松波は2年生だった昨夏の甲子園でもマウンドに上がった。その経験は「先輩に連れていってもらった」と表現した。だからこそ「今年も主力に2年生がいる。甲子園の経験を積ませるのも先輩の役目」と言える。昨秋、今春はともに県決勝で敗れたが、20年の独自大会を除けば、夏の大会は2連覇中。「節目で期待は大きいですが、目標はあくまで3連覇。そして自分たちの野球をする」。今年のエースは、熊工の歴史を心得ている。

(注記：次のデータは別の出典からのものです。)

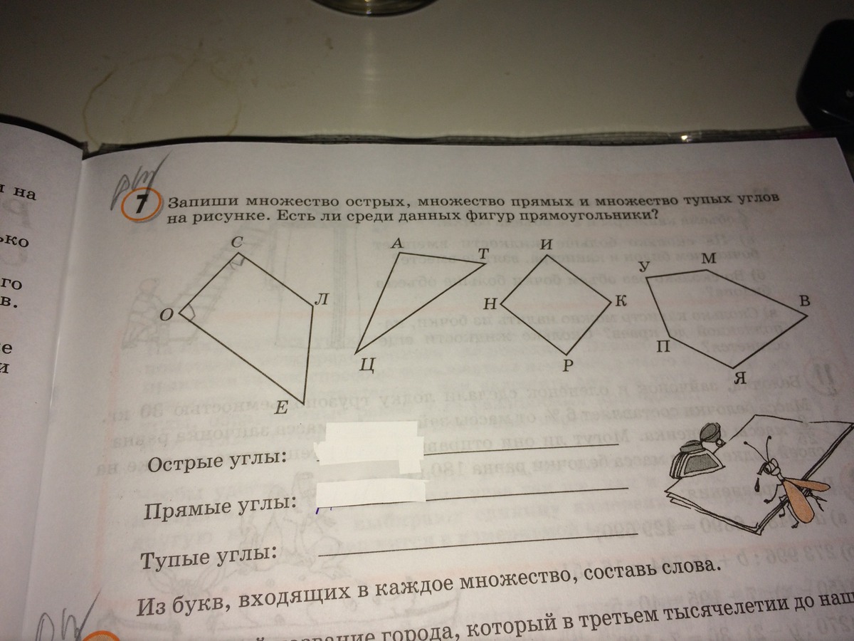 Запиши множества острых, множество прямых и множество тупых углов на рисунке. Есть ли среди данных фигур прямоугольники?

96年夏。甲子園決勝で松山商の“奇跡のバックホーム”に敗れたが、数々名勝負を繰り広げてきた。同校OBの田島監督は「いい文化をつなぎたい」と意気込む。まずは16日、継続試合を制す。【只松憲】

◆熊本工 1898年(明31)創立の県立校。熊本県立工業学校から51年に現校名。生徒数は1186人(女子303人)。野球部は23年(大12)創部で部員数109人(マネジャー3人)。甲子園出場は春21度、夏は22度で、夏は34、37、96年の3度準優勝。主なOBは元巨人の川上哲治、元広島の前田智徳、中日内野守備走塁コーチのの荒木雅博ら。所在地は熊本市中央区上京塚町5の1。柿下耕一校長。